Reproduce exactly the lines from the start of the records through the line containing "фаровете още по-готино.", both included. Leave the pictures out.
[Material for the task — start]
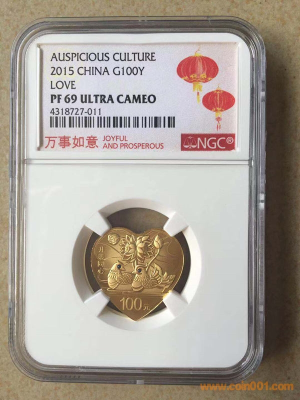 15年并蒂同心金幣NGC70,串號(hào)001,帶證書,售價(jià):3800
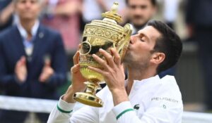 Ciudad de México.- Novak Djokovic igualó a sus rivales Roger Federer y Rafael Nadal al adjudicarse el domingo su vigésimo título de Grand Slam al derrotar el domingo 6-7 (4), 6-4, 6-4, 6-3 a Matteo Berrettini en la final de Wimbledon.
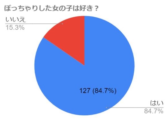 これによりますと、男性の8割以上の方がぽっちゃり女子のことが好きだということが分かります。
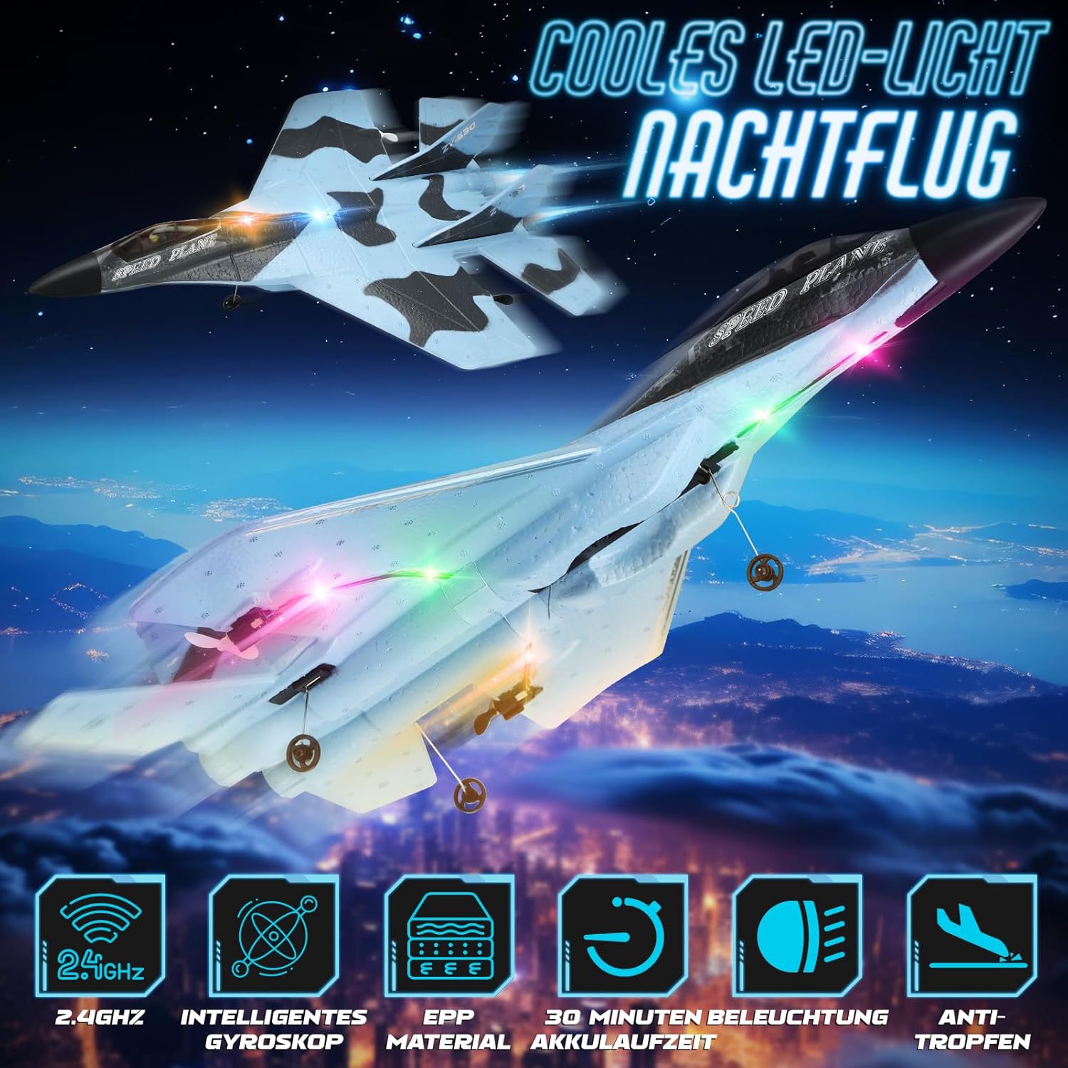 • ГОТИНА С LED СВЕТЛИНИ Нашият RC Jet е проектиран в камуфлажен модел, за да изглежда като истински F-22. Той също така има LED светлини, което прави летенето през нощта с фаровете още по-готино.
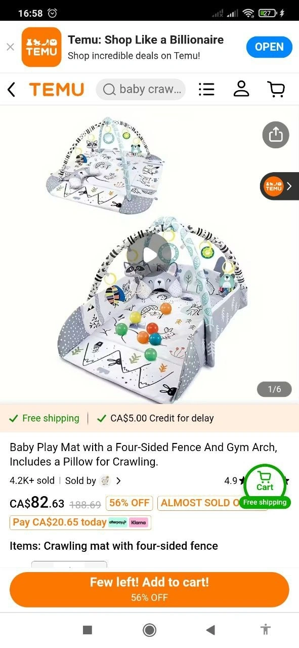 Brand new in box, never opened TFDER 8-in-1 Montessori Baby Gym Play Mat. Perfect for tummy time, sensory play, and early motor skill development. Designed to grow with your baby, it offers multiple play modes including tummy time, seated play, crawling, and ball pit fun. Includes: 6 soft animal toys (with sound effects, a self-discovery mirror, safe teethers, and a tummy-time support pillow), 18 balls, play mat, tummy pillow, mirror & teethers. The foldable surround fence keeps baby safe and transforms into a ball pit as they grow. Features: 8-in-1 play modes, soft, phthalate-free, baby-safe materials, non-slip bottom, easy-clean surface, converts into ball pit, extra-large size (39.4" x 43.3"), portable & foldable. Perfect for baby showers, birthdays, holidays, or newborn gifts. Supports sensory learning, hand-eye coordination, crawling, sitting, and early development. Age: 1-18 months. Care instructions: Machine Washable. Size: 39.4" x 43.3" x 21 inches. Color: Black & White. MAT, TOYS, BALLS ARE INCLUDED! Price: $45. Pickup locations: SW - Cedardale Bay SW, NW - Arbour Lake NW, NE - Airport area NE (weekdays 10am-12pm only). Cash accepted.
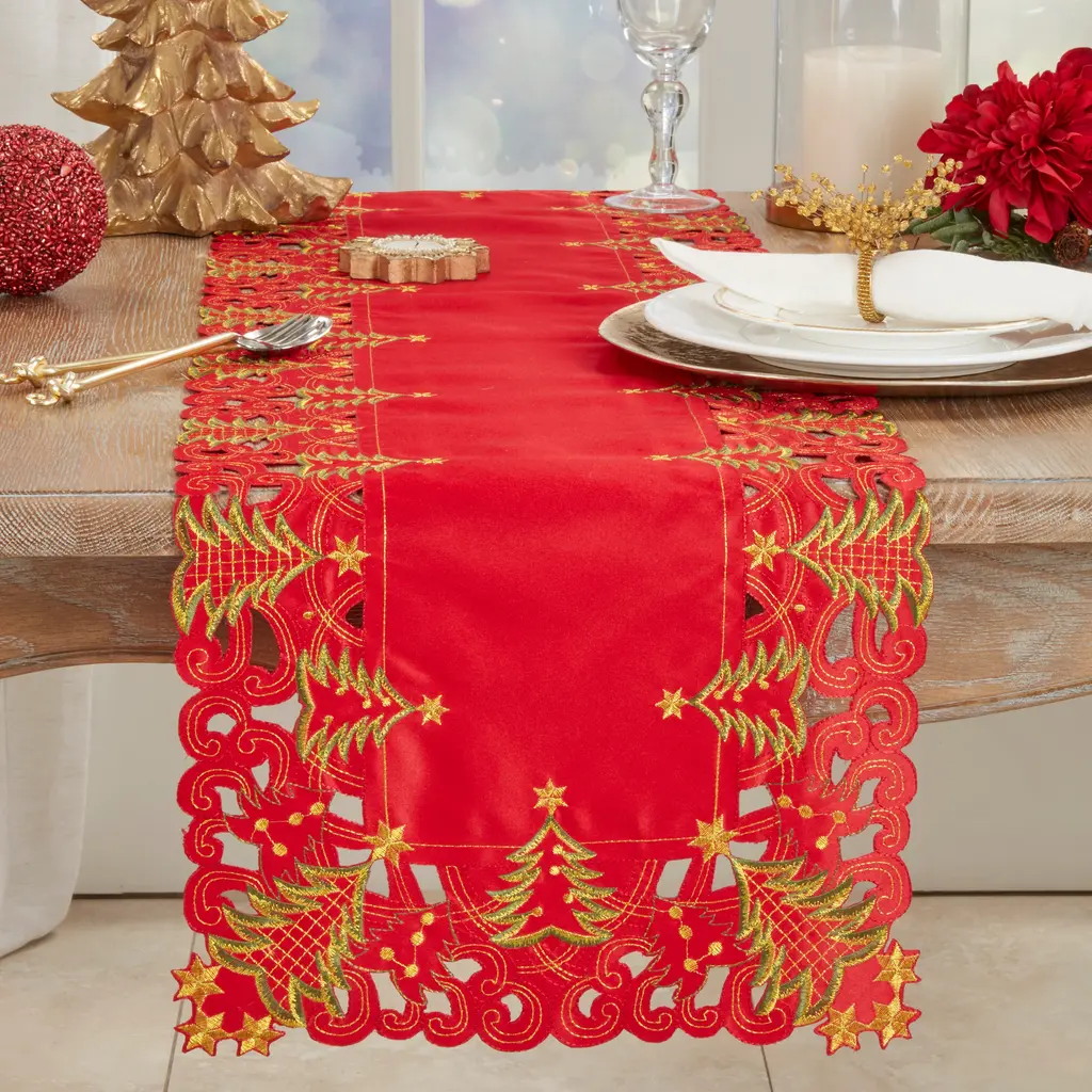 Give your holiday dinner table a festive and elegant look with this Christmas tree design table runner. Featuring a design with a familiar holiday theme, the embroidered golden stars also add a sparkling touch. Create a special setting for either family gatherings or holiday dinner parties and complete your table with coordinating dinnerware and accents.
[Material for the task — finish]
- _Written reply_
 15年并蒂同心金幣NGC70,串號(hào)001,帶證書,售價(jià):3800
 Ciudad de México.- Novak Djokovic igualó a sus rivales Roger Federer y Rafael Nadal al adjudicarse el domingo su vigésimo título de Grand Slam al derrotar el domingo 6-7 (4), 6-4, 6-4, 6-3 a Matteo Berrettini en la final de Wimbledon.
 これによりますと、男性の8割以上の方がぽっちゃり女子のことが好きだということが分かります。
 • ГОТИНА С LED СВЕТЛИНИ Нашият RC Jet е проектиран в камуфлажен модел, за да изглежда като истински F-22. Той също така има LED светлини, което прави летенето през нощта с фаровете още по-готино.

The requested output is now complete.